## WHAT THE TASK REQUIRES
If a record below holds a picture, drop the picture and copy everything else exactly.

————————

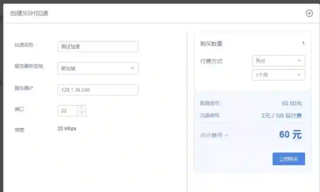 一个GlobalSSH实例的费用仅需60元/月,所产生的流量费用为2元/GB,(根据当日流量使用情况于次日凌晨结算,不足1GB免费)。除此之外,用户还可以根据自己的实际需要,灵活选择年付/月付/按时付费。
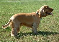 The English Cocker Spaniel is a breed of gun dog. The English Cocker Spaniel is an active, good-natured, sporting dog standing well up at the withers and compactly built. There are field or working cockers and show cockers. It is one of several varieties of spaniel and somewhat resembles its American cousin, the American Cocker Spaniel, although it is closer to the working-dog form of the Field Spaniel and the English Springer Spaniel.
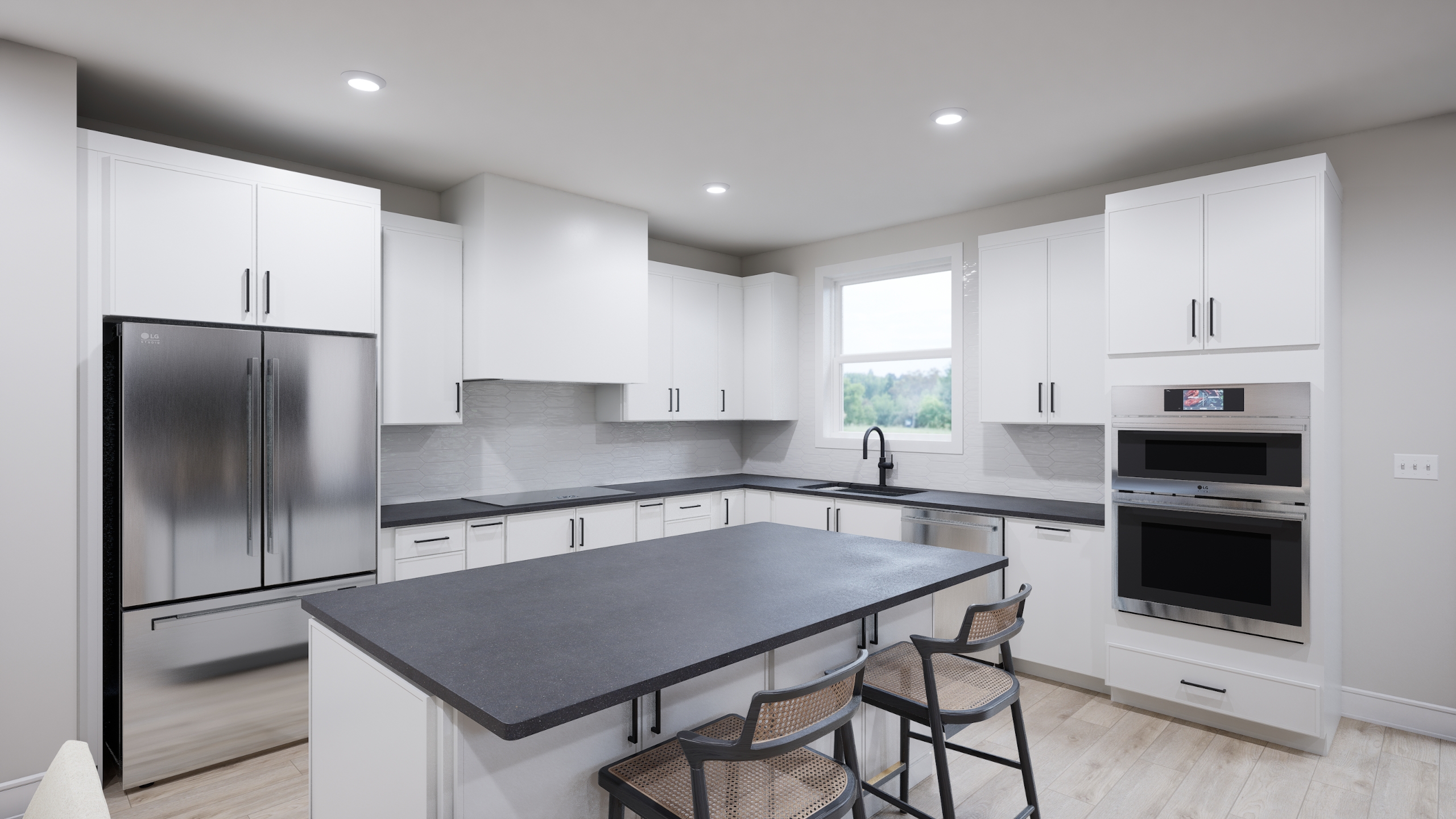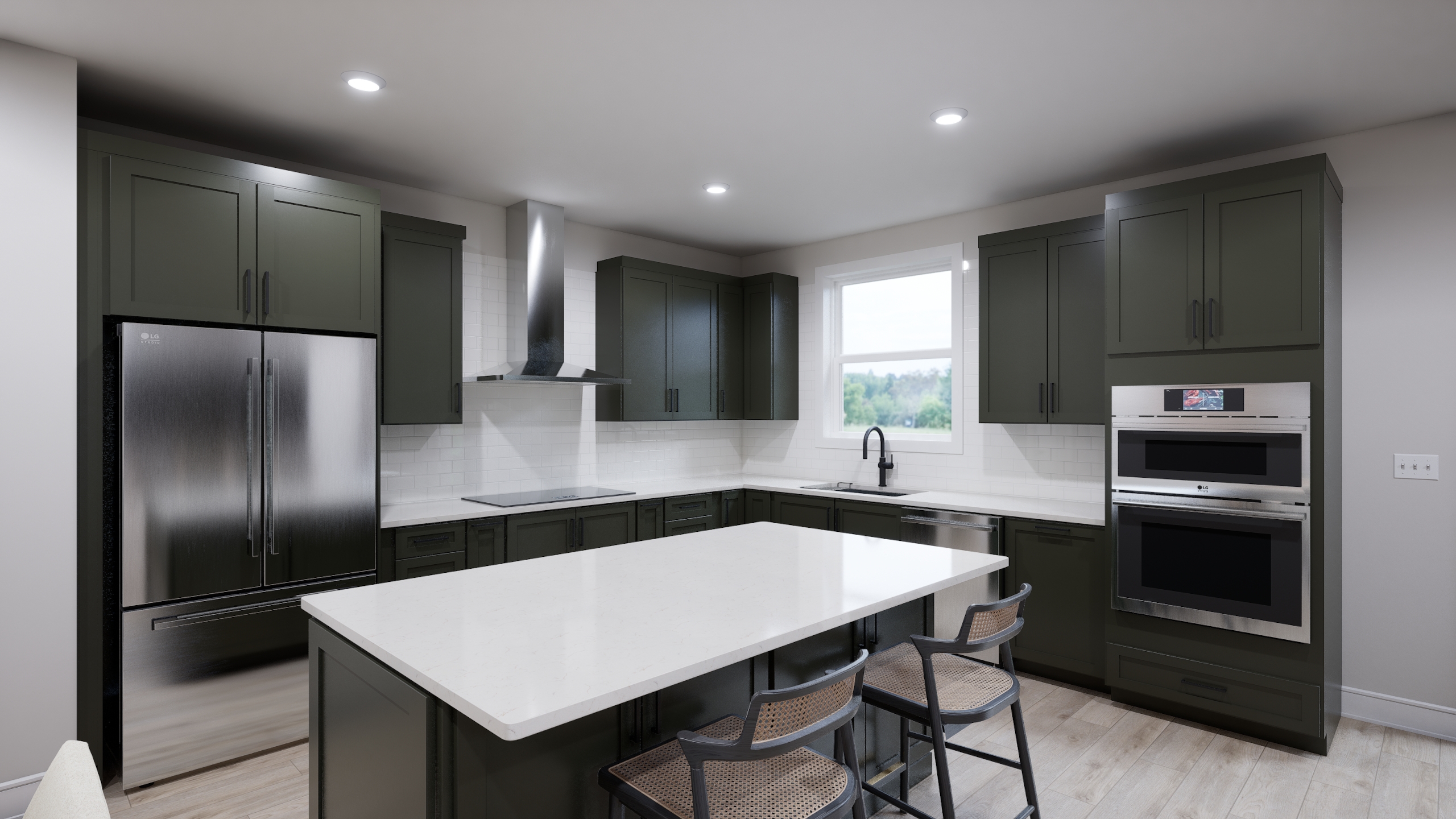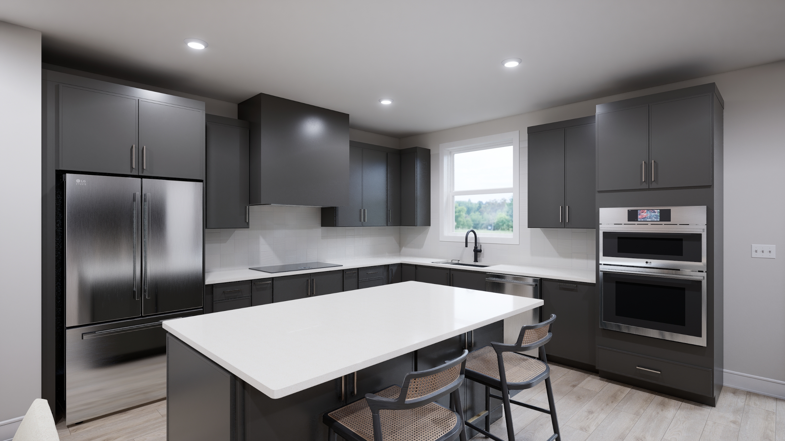 LG STUDIO appliances with wood hood
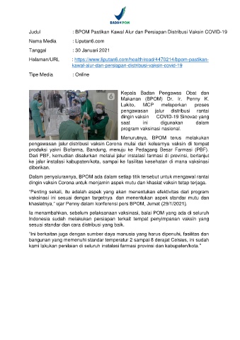 Judul : BPOM Pastikan Kawal Alur dan Persiapan Distribusi Vaksin COVID-19
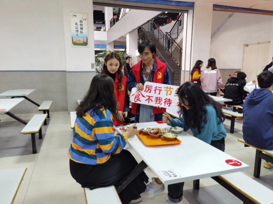 “一粥一饭,当思来之不易,半丝半缕,恒念物力维艰。”活动过程中,他们先后来到食堂等餐饮服务经营单位,向经营者、消费者发出制止餐饮浪费,培养节约的习惯倡议,高举宣传标语,提醒就餐师生,合理就点餐、杜绝浪费。向他们耐心地讲解勤俭节约是中华民族的传统美德,餐桌文明更是文明城市的缩影。同时,呼吁经营者转变经营理念,提供多样化、精细化就餐选择;向师生宣传“适量点餐、珍惜食品、剩餐打包”的节约理念,营造文明用餐、浪费可耻、节约为荣的社会氛围。

————————

## THE ANSWER
 一个GlobalSSH实例的费用仅需60元/月,所产生的流量费用为2元/GB,(根据当日流量使用情况于次日凌晨结算,不足1GB免费)。除此之外,用户还可以根据自己的实际需要,灵活选择年付/月付/按时付费。
 The English Cocker Spaniel is a breed of gun dog. The English Cocker Spaniel is an active, good-natured, sporting dog standing well up at the withers and compactly built. There are field or working cockers and show cockers. It is one of several varieties of spaniel and somewhat resembles its American cousin, the American Cocker Spaniel, although it is closer to the working-dog form of the Field Spaniel and the English Springer Spaniel.
 LG STUDIO appliances with wood hood
 Judul : BPOM Pastikan Kawal Alur dan Persiapan Distribusi Vaksin COVID-19
 “一粥一饭,当思来之不易,半丝半缕,恒念物力维艰。”活动过程中,他们先后来到食堂等餐饮服务经营单位,向经营者、消费者发出制止餐饮浪费,培养节约的习惯倡议,高举宣传标语,提醒就餐师生,合理就点餐、杜绝浪费。向他们耐心地讲解勤俭节约是中华民族的传统美德,餐桌文明更是文明城市的缩影。同时,呼吁经营者转变经营理念,提供多样化、精细化就餐选择;向师生宣传“适量点餐、珍惜食品、剩餐打包”的节约理念,营造文明用餐、浪费可耻、节约为荣的社会氛围。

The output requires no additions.